▶ [The task]: Starting with the line that has "Porta-joias em couro" in the records below and ending with the line that has "Gently used. Needs", output those lines exactly and nothing more; omit the pictures.

▶ [Entries provided]:
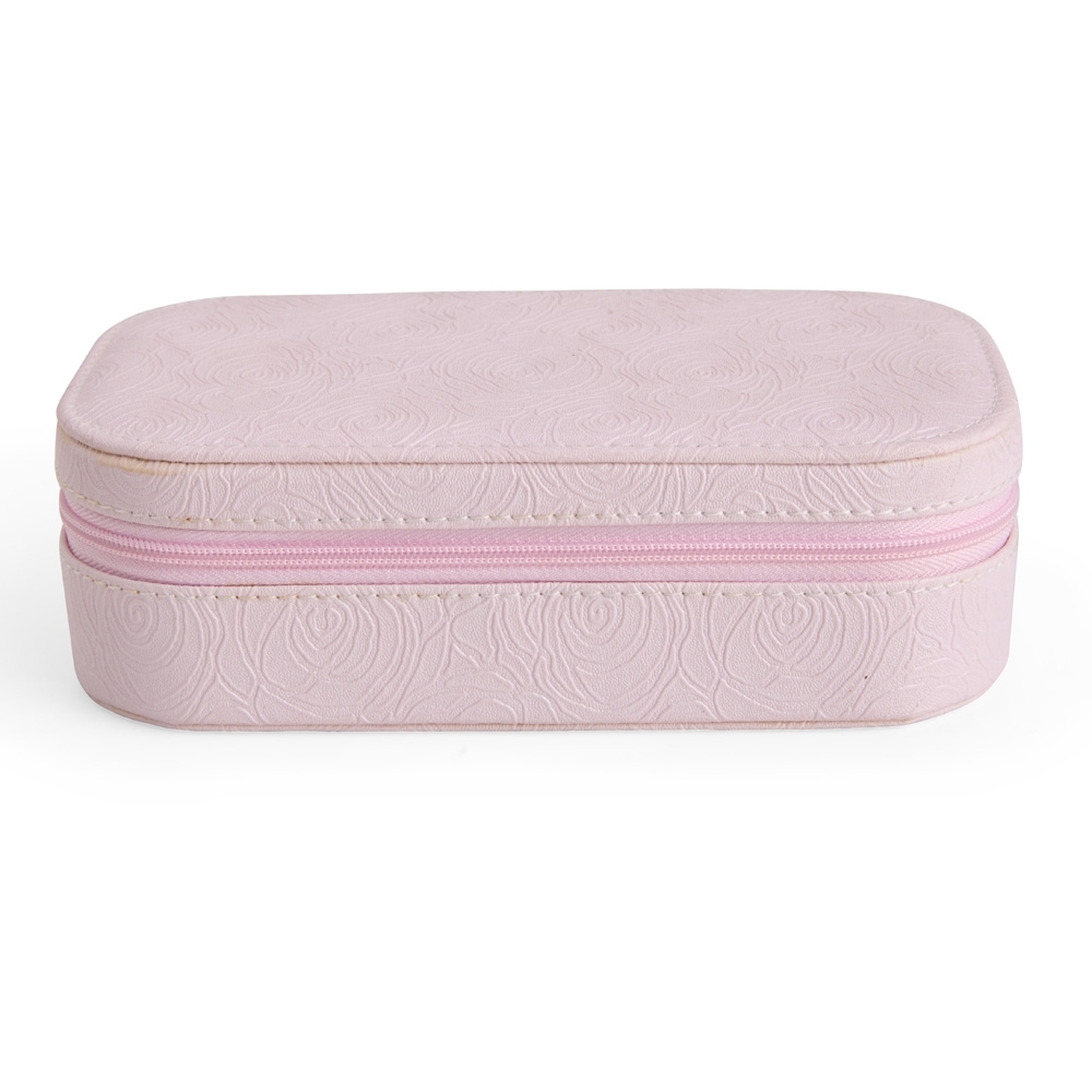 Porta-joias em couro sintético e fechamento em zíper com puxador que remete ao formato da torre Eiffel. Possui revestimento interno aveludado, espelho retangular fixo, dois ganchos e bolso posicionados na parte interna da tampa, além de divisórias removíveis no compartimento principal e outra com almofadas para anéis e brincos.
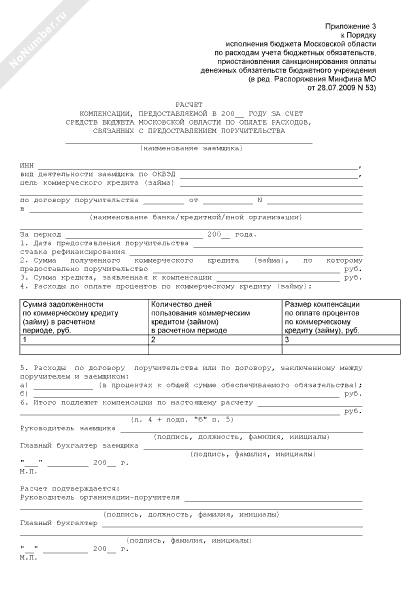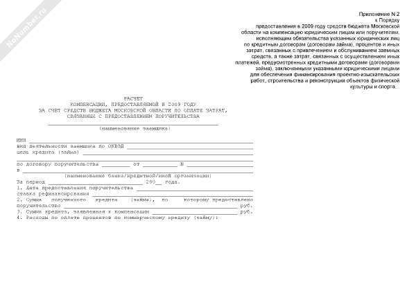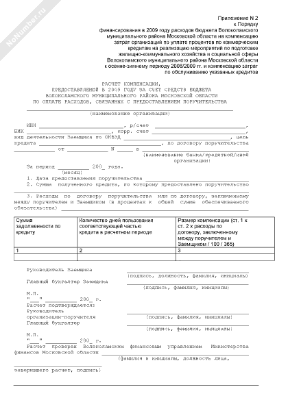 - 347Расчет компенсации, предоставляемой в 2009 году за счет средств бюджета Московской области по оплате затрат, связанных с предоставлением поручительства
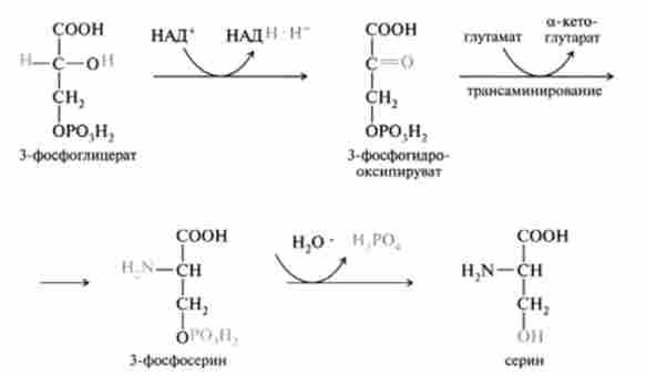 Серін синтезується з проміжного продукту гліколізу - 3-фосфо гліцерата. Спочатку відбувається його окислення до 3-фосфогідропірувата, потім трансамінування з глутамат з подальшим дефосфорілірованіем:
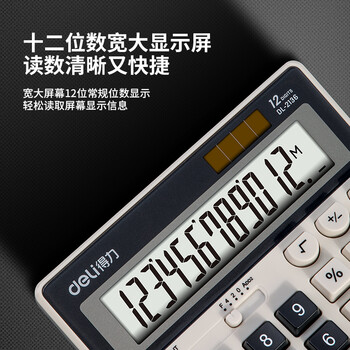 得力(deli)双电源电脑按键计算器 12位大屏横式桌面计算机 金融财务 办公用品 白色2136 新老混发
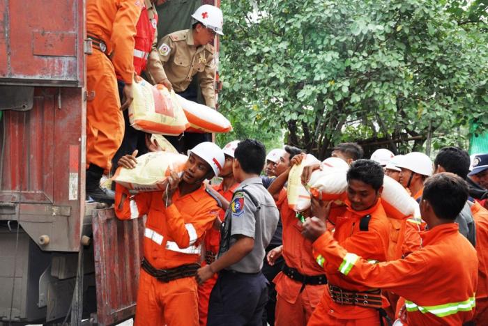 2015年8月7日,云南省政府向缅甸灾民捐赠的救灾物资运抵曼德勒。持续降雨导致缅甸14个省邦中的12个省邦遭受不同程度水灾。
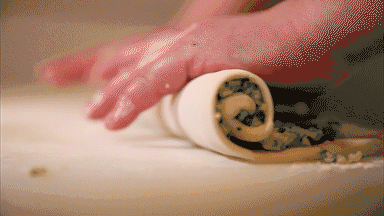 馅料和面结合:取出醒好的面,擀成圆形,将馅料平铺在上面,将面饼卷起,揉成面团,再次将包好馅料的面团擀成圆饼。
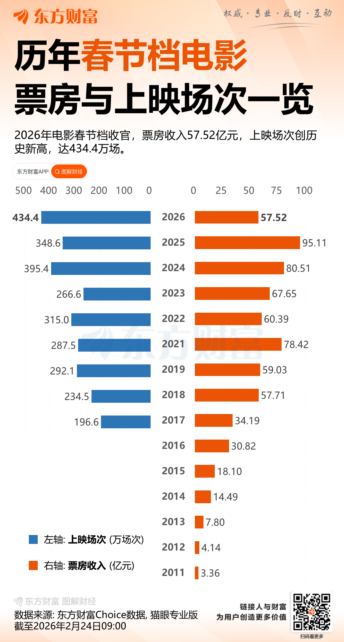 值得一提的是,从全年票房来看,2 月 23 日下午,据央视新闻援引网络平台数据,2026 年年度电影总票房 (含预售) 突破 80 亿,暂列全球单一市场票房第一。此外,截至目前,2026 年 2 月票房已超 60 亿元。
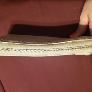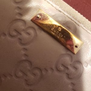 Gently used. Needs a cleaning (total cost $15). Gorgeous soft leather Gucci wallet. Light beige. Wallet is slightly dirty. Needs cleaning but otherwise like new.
...
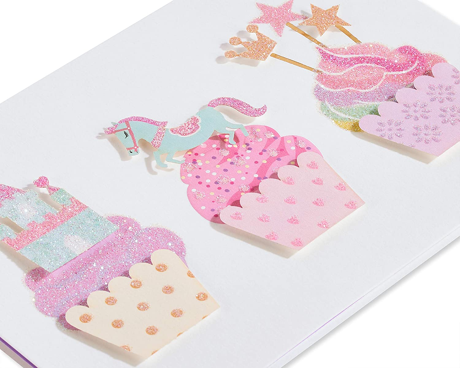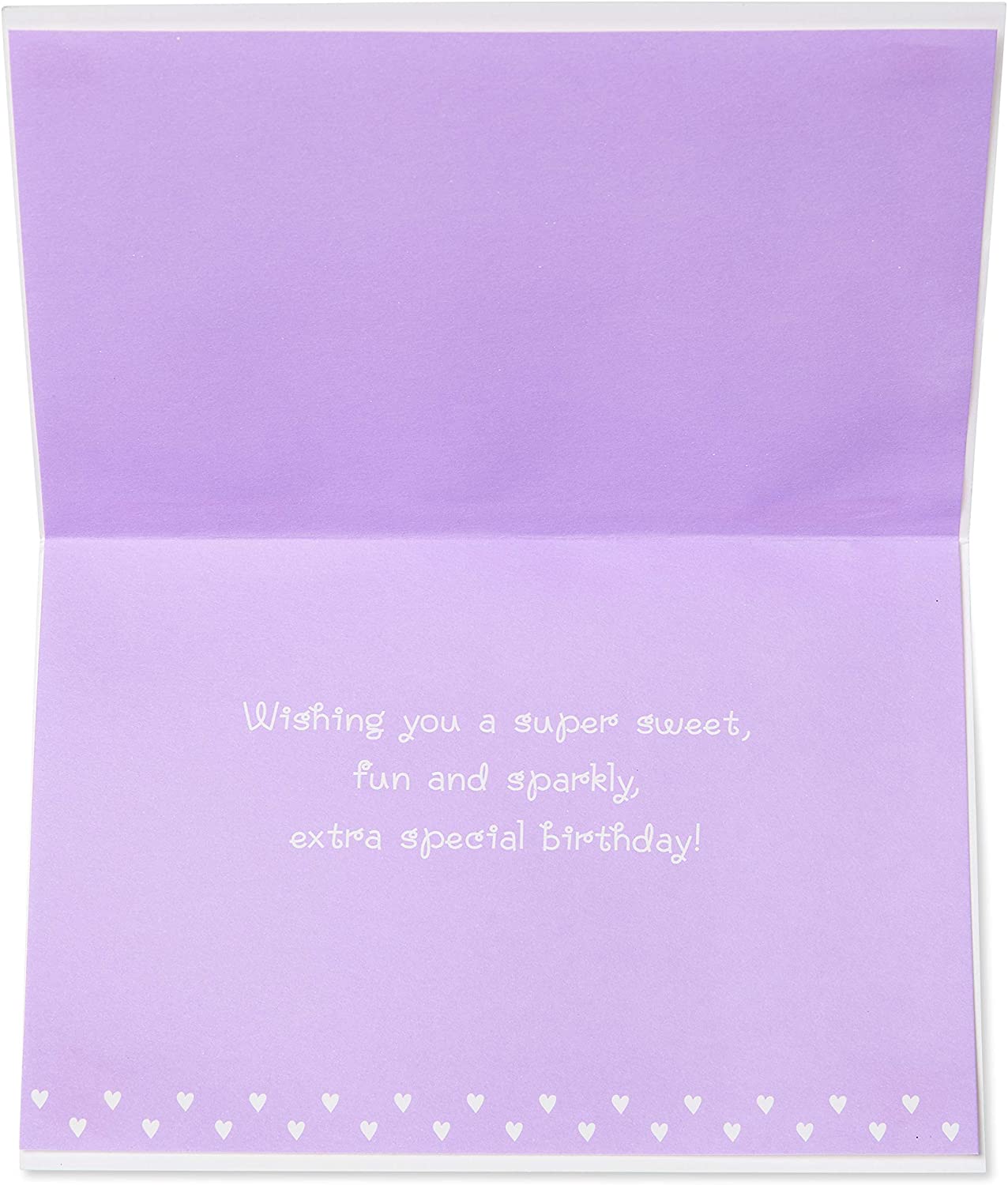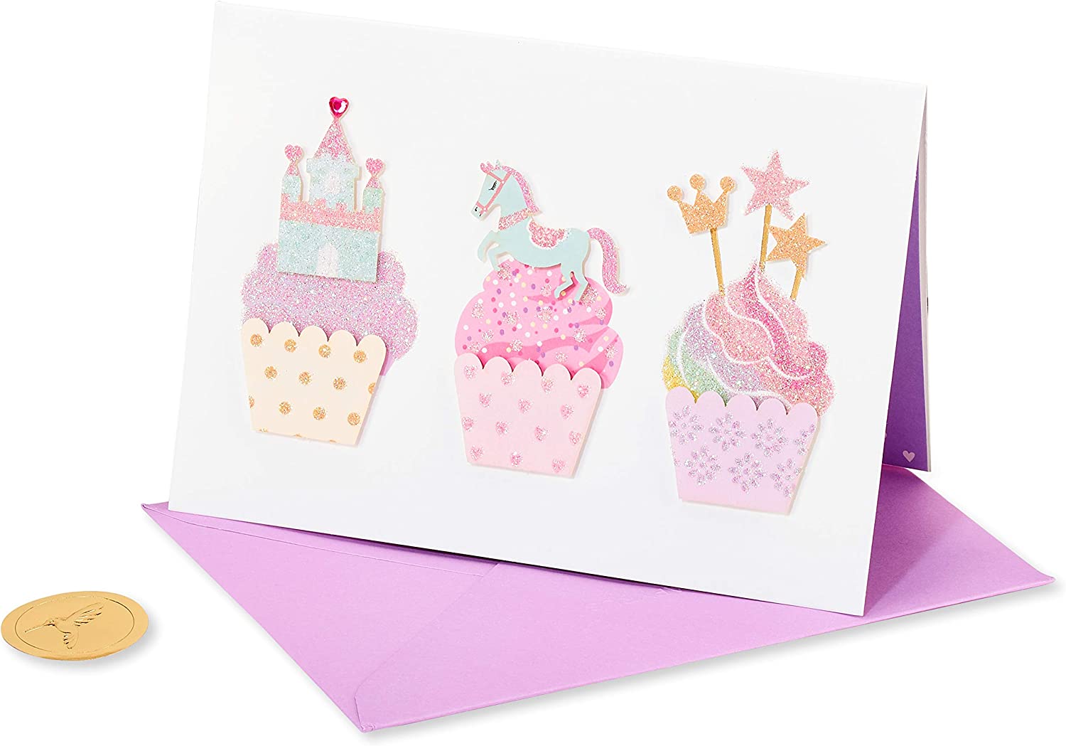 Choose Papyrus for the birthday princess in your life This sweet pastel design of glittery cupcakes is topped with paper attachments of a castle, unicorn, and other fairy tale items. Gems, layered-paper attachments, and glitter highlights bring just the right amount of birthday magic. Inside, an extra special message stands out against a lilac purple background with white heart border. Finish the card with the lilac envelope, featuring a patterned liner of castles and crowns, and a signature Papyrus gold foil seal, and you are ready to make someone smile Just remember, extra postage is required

▶ [Solved problem]:
 Porta-joias em couro sintético e fechamento em zíper com puxador que remete ao formato da torre Eiffel. Possui revestimento interno aveludado, espelho retangular fixo, dois ganchos e bolso posicionados na parte interna da tampa, além de divisórias removíveis no compartimento principal e outra com almofadas para anéis e brincos.
 - 347Расчет компенсации, предоставляемой в 2009 году за счет средств бюджета Московской области по оплате затрат, связанных с предоставлением поручительства
 Серін синтезується з проміжного продукту гліколізу - 3-фосфо гліцерата. Спочатку відбувається його окислення до 3-фосфогідропірувата, потім трансамінування з глутамат з подальшим дефосфорілірованіем:
 得力(deli)双电源电脑按键计算器 12位大屏横式桌面计算机 金融财务 办公用品 白色2136 新老混发
 2015年8月7日,云南省政府向缅甸灾民捐赠的救灾物资运抵曼德勒。持续降雨导致缅甸14个省邦中的12个省邦遭受不同程度水灾。
 馅料和面结合:取出醒好的面,擀成圆形,将馅料平铺在上面,将面饼卷起,揉成面团,再次将包好馅料的面团擀成圆饼。
 值得一提的是,从全年票房来看,2 月 23 日下午,据央视新闻援引网络平台数据,2026 年年度电影总票房 (含预售) 突破 80 亿,暂列全球单一市场票房第一。此外,截至目前,2026 年 2 月票房已超 60 亿元。
 Gently used. Needs a cleaning (total cost $15). Gorgeous soft leather Gucci wallet. Light beige. Wallet is slightly dirty. Needs cleaning but otherwise like new.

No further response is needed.